第205話.綺麗な花の本性

 急な斜面が徐々に緩やかになり始めると、木々の様子も変わり始める。高木から低木へと変わり、木々の間隔も広がる。

 そして1番大きな変化は、森の明るさだろう。光を隔絶していた空間から、光の溢れる森へと様変わりする。


「旦那、そろそろ森も終わりそうでさっ」


 森の中では、精霊達をなるべく刺激しないように目立った行動は避けてきた。その影響を1番受けてきたのは、俺達の中ではチェンになる。飛ぶことを制限され、森の中を歩いて行動してきた。それだけに、チェンの場合は羽根を伸ばしたいのだろう。


「いいぞ、様子を見てきてくれ!」


「待ってました!」


 チェンは木々の上を目指して、勢いよく飛び上がってゆく。それも、わざと木々の隙間だったり幅の狭い所をくぐるように、複雑な曲線を描いて飛んでゆく。

 そして、それを見せつけられたウィプス達も追随するようにチェンを追いかけ始める。


 それと同時に、影の中に潜っていたムーアが久しぶりに顔を見せる。


「結局、精霊とは出会わなかったな」


『あなたは、避けられているみたいね』


「どういう事なんだ?俺はまだ何もしていないぞ」


『コアが教えてくれたわ。ここまで精霊と出会わないのは、木霊が触れ回ってるのよ。危険人物のあなたには近付いてはならないってね』


「それは、間違いだろ。危険なのは精霊の方で俺じゃないだろ」


「姐さん、旦那、草原が見えやすぜっ!」


 チェンの緊張感のない、少し気の抜けた声がする。そして相変わらずムーアの名前を先に呼んでいるが、そんな事も気にならないくらいに緊張感が一気に高まる。

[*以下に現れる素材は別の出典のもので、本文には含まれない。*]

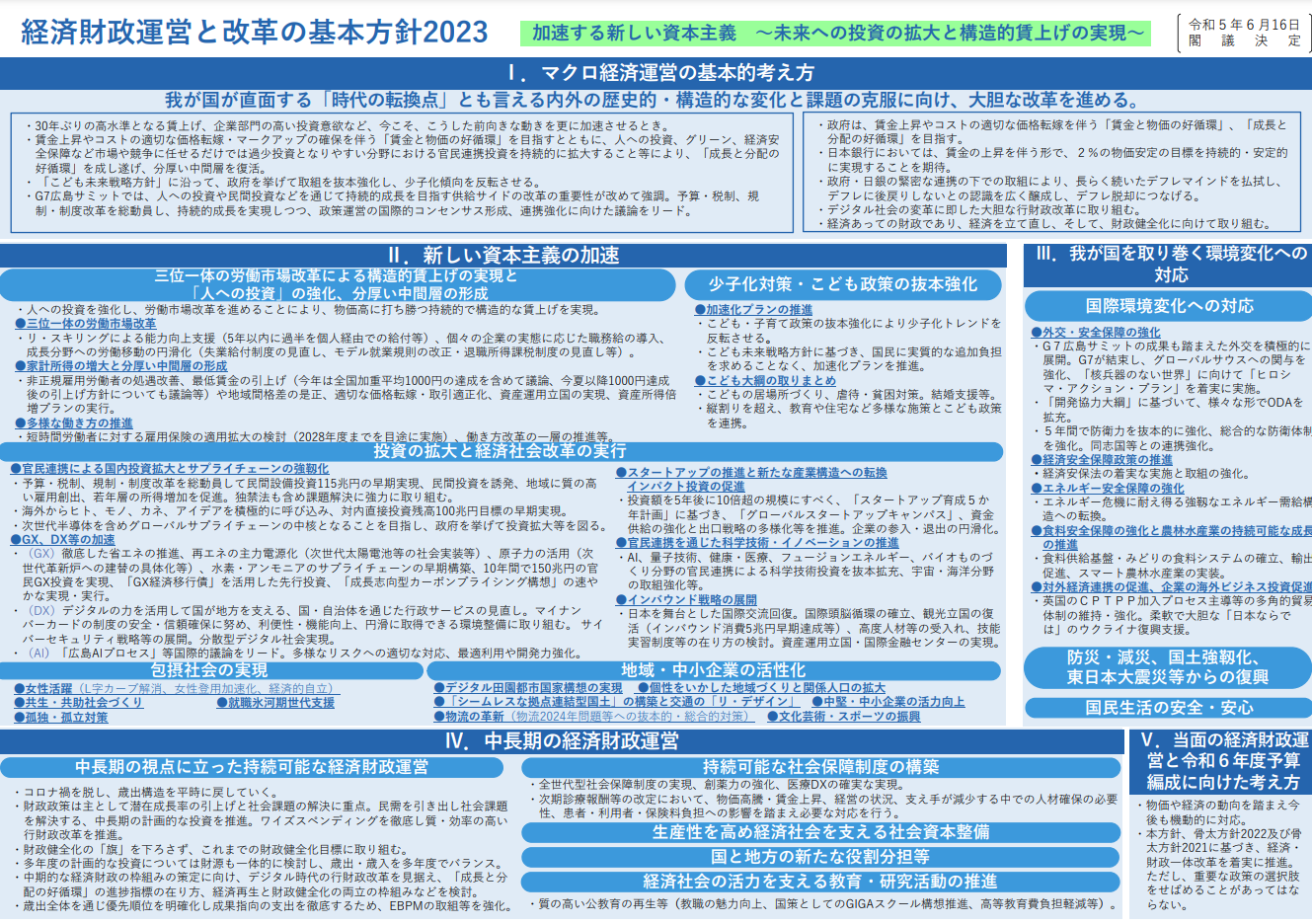 「経済財政運営と改革の基本方針(以下、骨太方針)2023」

 相手がオークならばと、たかをくくっていたのはあるのかもしれない。しかし俺の知っているオークよりは、遥かに能力が高い。しかし、それをカモにしてしるのがハーフリング。体格も能力も劣るハーフリングがオークを圧倒しているという事実が、迷いの森以上に不穏な空気を感じさせる。




 そして、斜面が終わると同時に低木の森も終わりを告げ、目の前にはオヤの草原が広がる。


「ああ、ここが草原なのか?」


『ええ、綺麗ね♪』


「素敵な場所ネ♪」


 チェンの声が気の抜けていた事の意味が良く分かる。そこには赤·青·黄と様々な色の花畑が一面に広がっていて、オークの姿やハーフリングの姿は見えない。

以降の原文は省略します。